Save this file as CFScript.txt to your desktop. So now you should have both CFScript.txt and ComboFix.exe on your desktop.
Now use your mouse to drag CFScript.txt on top of ComboFix.exe and then release.
http://softvisia.com/users/Night_Raven/Security/cfsdnd2.gif
This will launch ComboFix.
Note: Do not mouse-click ComboFix's window while it is running. That may cause it to stall.
Allow ComboFix to update itself if prompted.
When ComboFix finishes, a log will be produced at C:\ComboFix.txt
Attach this log to your next message. (How to attach)
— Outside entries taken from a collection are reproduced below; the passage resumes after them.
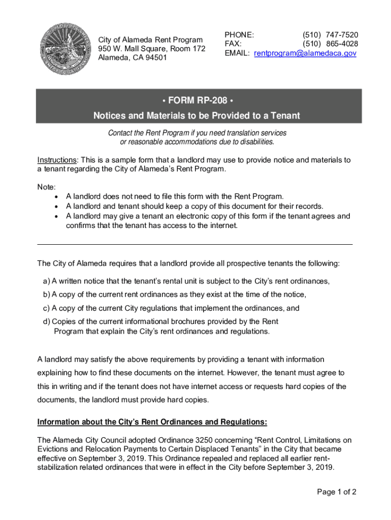 City of Alameda Rent Program 950 W. Mall Square, Room 172 Alameda, CA 94501PHONE: (510) 7477520 FAX: (510) 8654028 EMAIL: rentprogram@alamedaca.gov FORM RP208 Notices and Materials to be Provided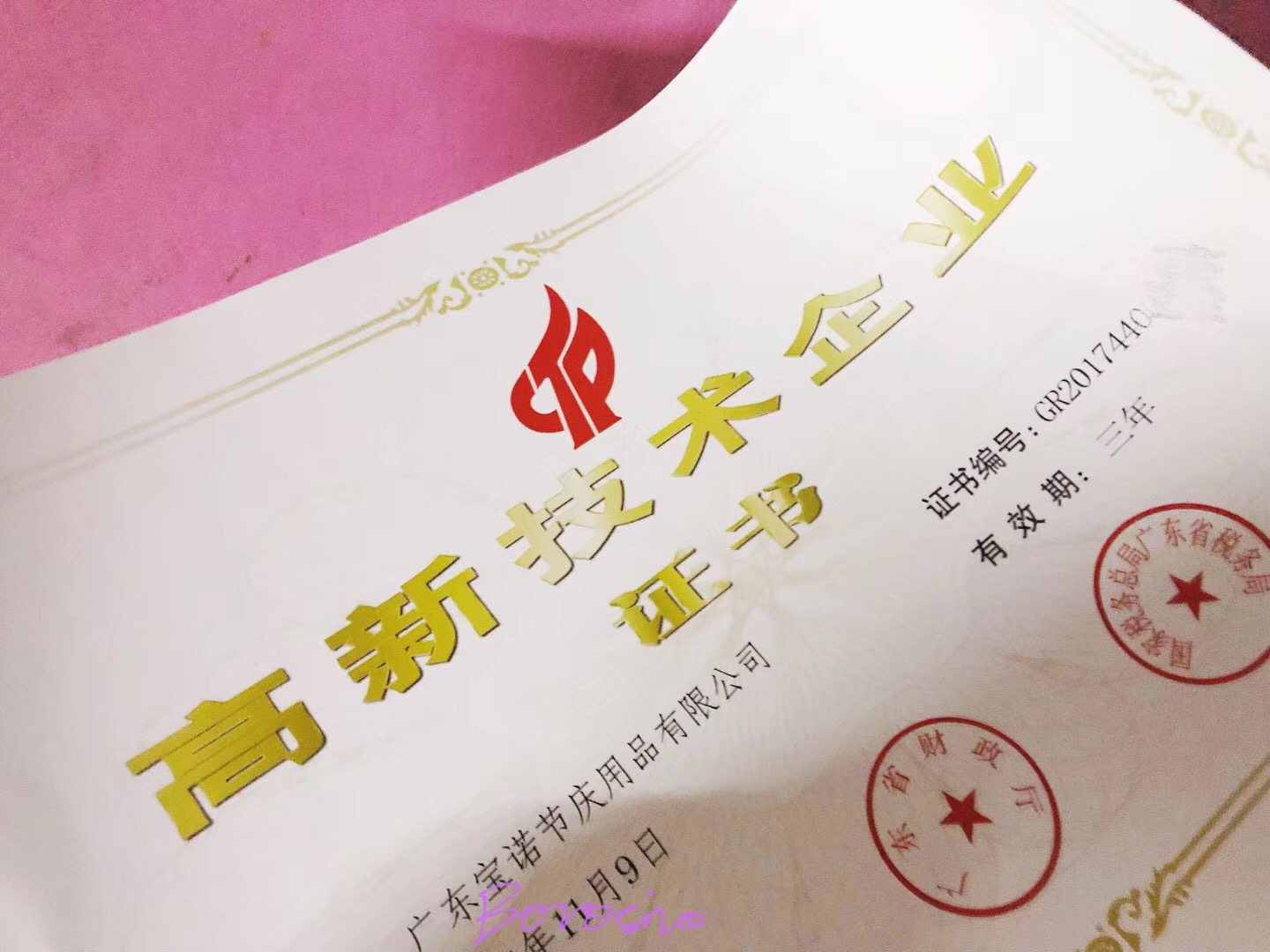 恭喜广东宝诺节庆用品有限公司荣获国家高新技术企业证书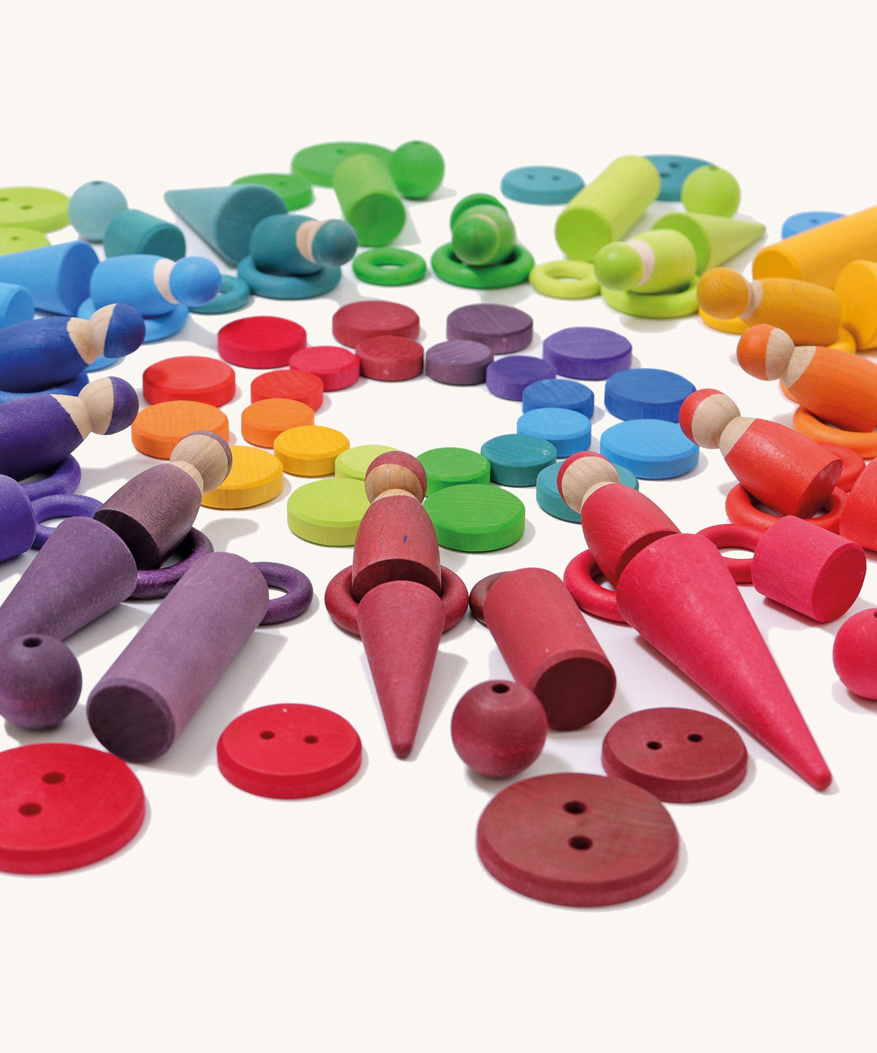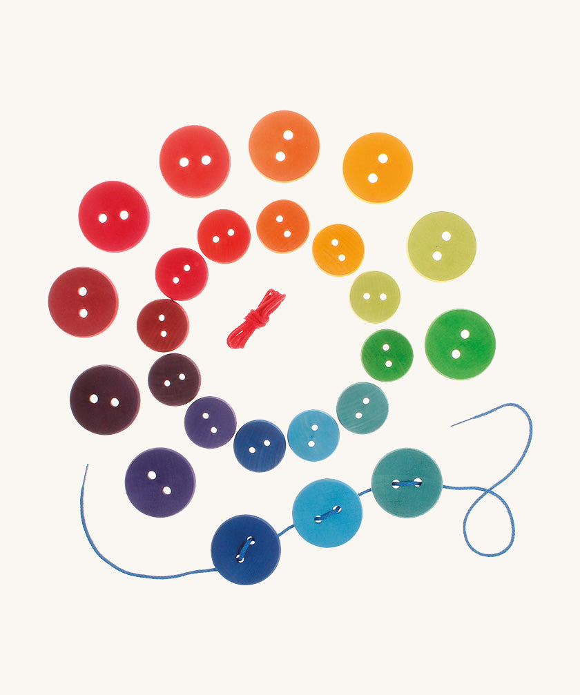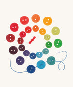 This set of 24 wooden rainbow buttons, twelve small and twelve large, can be played with in multiple ways. Use them in threading games on the strings provided or use as counters for learning maths, pretend money when playing shop, soup ingredients in a play kitchen, or combine with wooden building blocks, bobbins, peg people and figures to create beautiful rainbow worlds. This is a fun educational toy and parents, teachers and Montessori educators will appreciate the myriad of ways it can be utilised. The colours match up with a huge range of rainbow items in the Grimm's Toys range, including the famous 12-piece rainbow, making this a great set for combining with other toys for colour sorting games. Play with these wooden buttons alongside Grimm's wooden balls, rainbows, building blocks, bowls and a whole lot more for a huge range of free-play possibilities.

http://img254.imageshack.us/img254/945/baticonxp.gif Now run C:\MGtools\GetLogs.bat by double-clicking it.
This updates all of the logs inside MGlogs.zip.
When it is finished, attach C:\MGlogs.zip to your next message. (How to attach)

Let me know how your PC is running after completing these steps.

 

Hello thisisu!

Thank-you for your help! I appreciate the clear and easy to follow instructions.

1. I ran "Disable/Remove Windows Messenger"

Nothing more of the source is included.